OK – this is Windows 7 so maybe there’s a driver incompatibility?   I’ll reinstall again and try different drivers.   But this time it doesn’t install?   Every time I attempt an install it says that the install media is missing a file?  

Eh?  I just used this DVD 10 min ago without problems?!?!

OK – admit defeat – create a new DVD – hey presto it works.  Can’t explain it, but it works.

But then – blue screen – reboot.   Maybe Windows?  Strange though as from experience Windows 7 is the most stable Windows OS I’ve used in a long time?

Reboot again – and again – and then  I can’t even get into the BIOS !!

So – back to pulling things out.   Turns out one of the (brand new) memory sticks is faulty.  Take it out – the PC boots.   Put it in – can’t even see the BIOS screen.

Sheesh – ok – need to send back the PSU and one of the sticks.   But at least the PC is booting!    So time to install all the apps and get the data copied back over.

But still – random reboots – only maybe once a day – but still not the stable HTPC I’m used to?   Ran some memory diags and what do you know – the other memory is showing errors!   Can’t believe my luck at this point – dead PSU and motherboard – faulty replacement PSU and two faulty replacement memory sticks.

I’m not going to be beaten by this one!!

Replace with some known good (albeit slower) memory – and the tests pass 100%.  Finally – we get to watch movies, recorded TV – and no reboots!

Come down in the morning and the PC is dead – clicking on off on off on off…    This time it turns out to be a known fault with certain PSUs and the Gigabyte motherboard entering S3 suspend state.   Remove the battery – leave for a while and it booted fine.   Phew!   So disable the S3 state as I don’t want this machine to suspend anyway! 

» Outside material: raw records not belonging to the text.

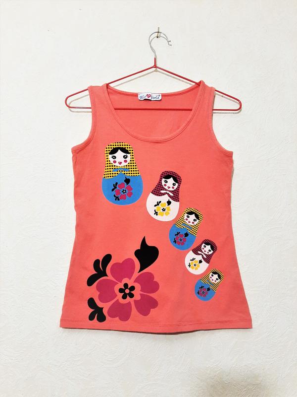 Blue world турецкая майка летняя розовая принт матрёшки топ хлопок трикотаж женская
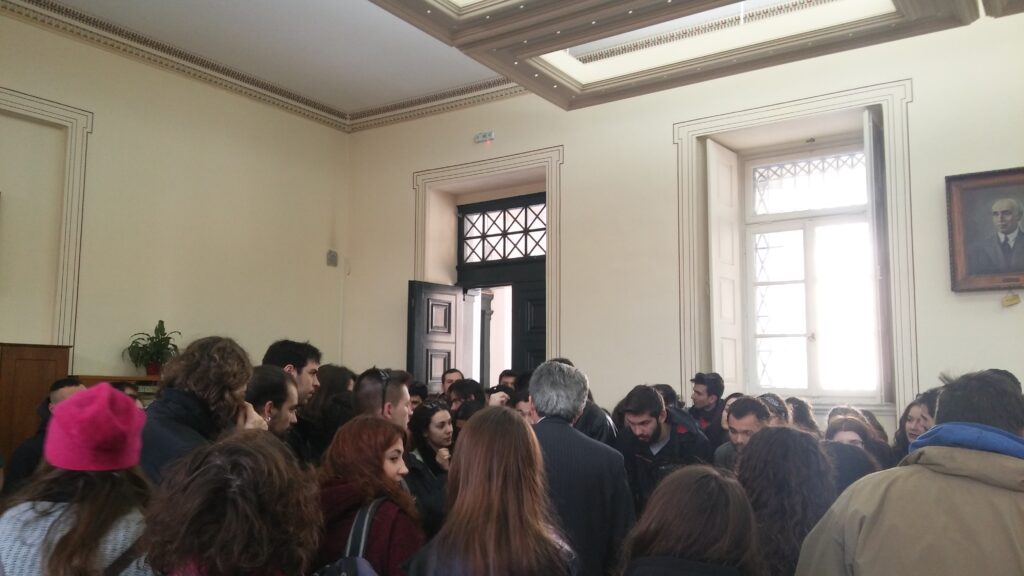 «Οι Κοσμητείες των Ο.Π.Ε. και Νομικής έβγαλαν μία ανακοίνωση η οποία απαγορεύει τη διάθεση χώρων για τη διοργάνωση εκδηλώσεων. Αυτή η απόφαση έχει πολύ συγκεκριμένη κατεύθυνση, καθώς αποβλέπει στην αποστείρωση του κοινωνικού χώρου του Πανεπιστημίου από οποιαδήποτε δραστηριότητα εκφεύγει των ακαδημαϊκών ενδιαφερόντων. Στην απαγόρευση αυτή ήρθε να προστεθεί το τρίτο κατά σειρά lock-out από την αρχή της ακαδημαϊκής χρονιάς για να εμποδίσει την πραγματοποίηση εκδήλωσης που θα γινόταν με θέμα τις άδειες που δεν δίνονται παράνομα στον πολιτικό κρατούμενο Δ. Κουφοντίνα. Συγκεκριμένα, η Κοσμητεία Νομικής έστειλε εμπιστευτικό έγγραφο στη διοίκηση των φυλακών Κορυδαλλού, προκειμένου να απαγορευτεί η τηλεφωνική παρέμβασή του στην εκδήλωση αυτή», αναφέρει μεταξύ άλλων το ψήφισμα του Συλλόγου Φοιτητών Νομικής.
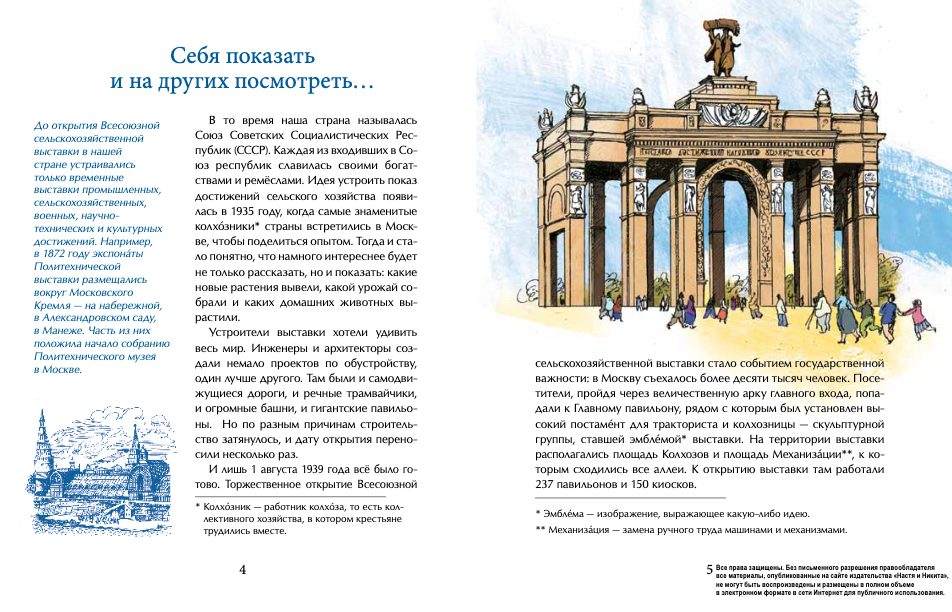 Скульптура “Рабочий и колхозница”, Зелёный театр, сказочной красоты фонтаны… ВДНХ – не только замечательный парк. В павильонах этой легендарной выставки всегда можно было увидеть самые новые технические достижения и изобретения, узнать, как живут разные народы. Яркие страницы истории “выставки чудес” – тема этой книги.2-е издание.
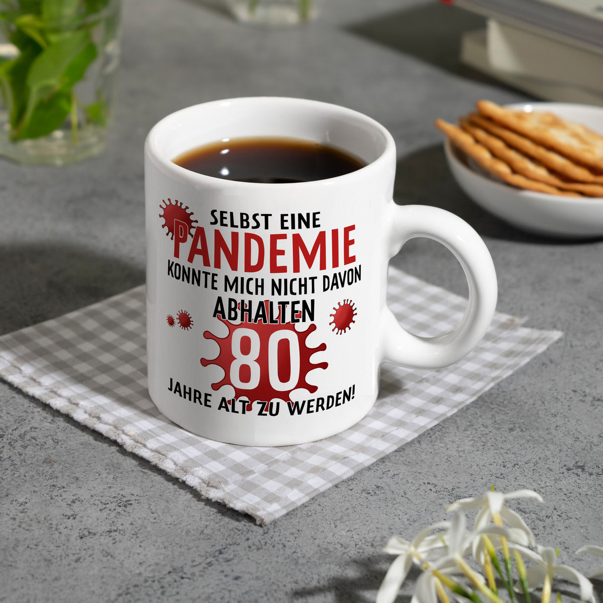 Witziger Kaffeebecher für den 80. Geburtstag mit Motiv: Pandemie
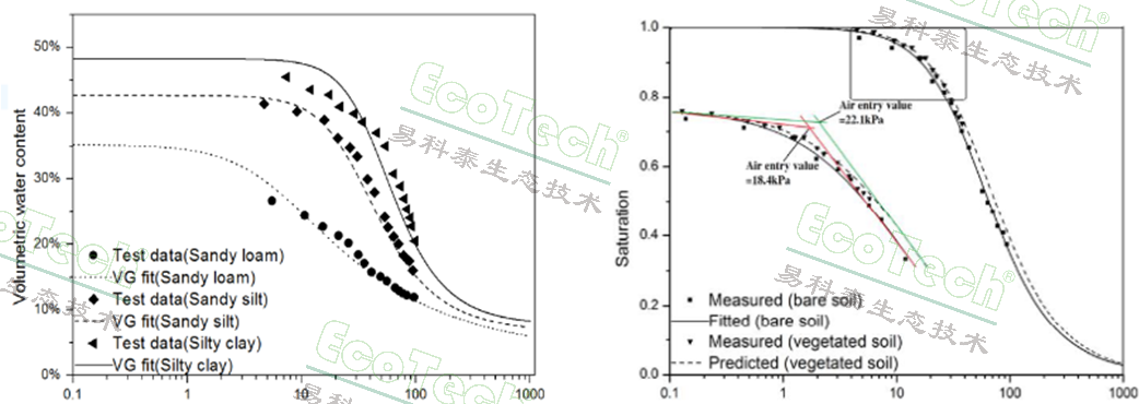 研究選取三種典型土壤(細(xì)砂壤土、砂質(zhì)粉土、粉質(zhì)黏土)與多花木蘭植物,通過(guò)控制實(shí)驗(yàn)探究基質(zhì)吸力變化。其中SoilTron®多功能小型蒸滲儀(北京易科泰提供)發(fā)揮了多參數(shù)同步監(jiān)測(cè)核心作用,包括多層剖面土壤溫度、多層剖面土壤濕度、多層剖面基質(zhì)吸力、精準(zhǔn)稱(chēng)重等個(gè)多參數(shù)的實(shí)時(shí)測(cè)量,數(shù)據(jù)采集器自動(dòng)定時(shí)記錄, 為分析植被蒸騰與土壤蒸發(fā)對(duì)基質(zhì)吸力的影響提供了高分辨率數(shù)據(jù),結(jié)果顯示,植被土壤基質(zhì)吸力較非蒸散土壤高 1.5~2.0 倍,275W/m² 光照下植被土壤 10cm 深度基質(zhì)吸力增量(10.72±0.31kPa)顯著高于 36W/m² 組(2.23±0.25kPa)。WinRHIZO根系分析系統(tǒng)(北京易科泰提供)通過(guò)圖像采集系統(tǒng)獲取根系長(zhǎng)度、直徑、表面積、體積及根尖數(shù)等形態(tài)指標(biāo),結(jié)合根系分析系統(tǒng)量化根系空間分布特征,植物根系可填充土壤孔隙,使植被土壤孔隙比從裸土的 0.558 降至 0.536,顯著提升土壤持水能力與進(jìn)氣值;且根系生物量與基質(zhì)吸力呈強(qiáng)相關(guān)性,高根系生物量樣本能維持更高基質(zhì)吸力,增強(qiáng)邊坡穩(wěn)定性。
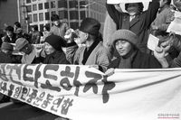 임금인상을 요구하는 대우자동차 근로자들의 시위현장
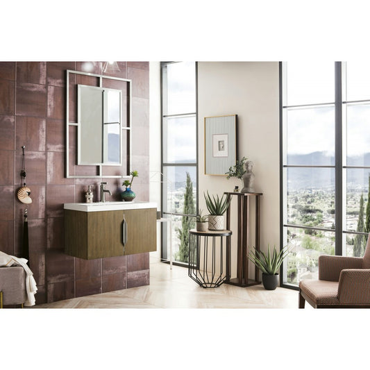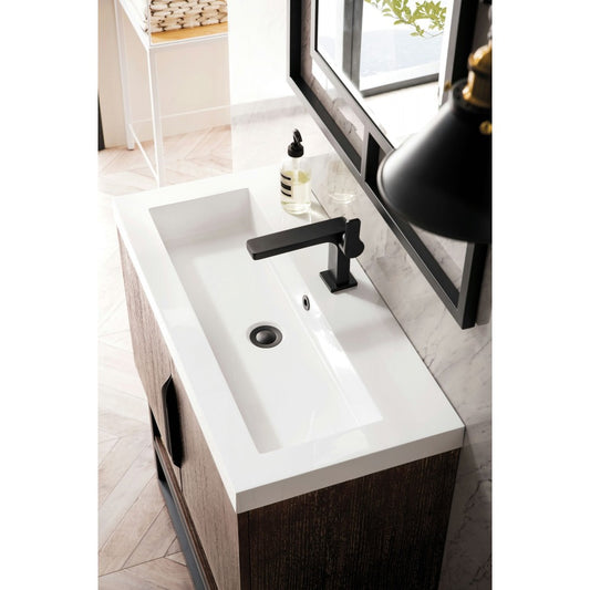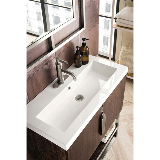 Columbia 31.5" Single Vanity Cabinet, Latte Oak w/ White Glossy Composite Top
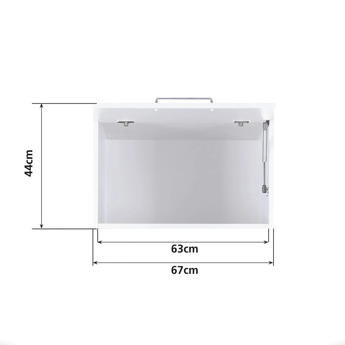 Pensile sospeso ad un'anta con un vano contenitore, L.67 H.44 P.68, Bianco

The new PSU arrives and with trepidation – I disconnect everything and plumb it in….

Drum roll…..

It WORKS!  And – strangely enough – I’m seeing diag LEDs on the motherboard I’ve not seen before?    So maybe the RAM wasn’t faulty?   Nope – try it out and still dead.

So..

1 Dead PSU, 1 Dead Motherboard, 1 Faulty Replacement PSU, 1 faulty Windows 7 DVD, 2 faulty sticks of RAM

later..

1 working HTPC!

🙂 Glad it’s not always this difficult!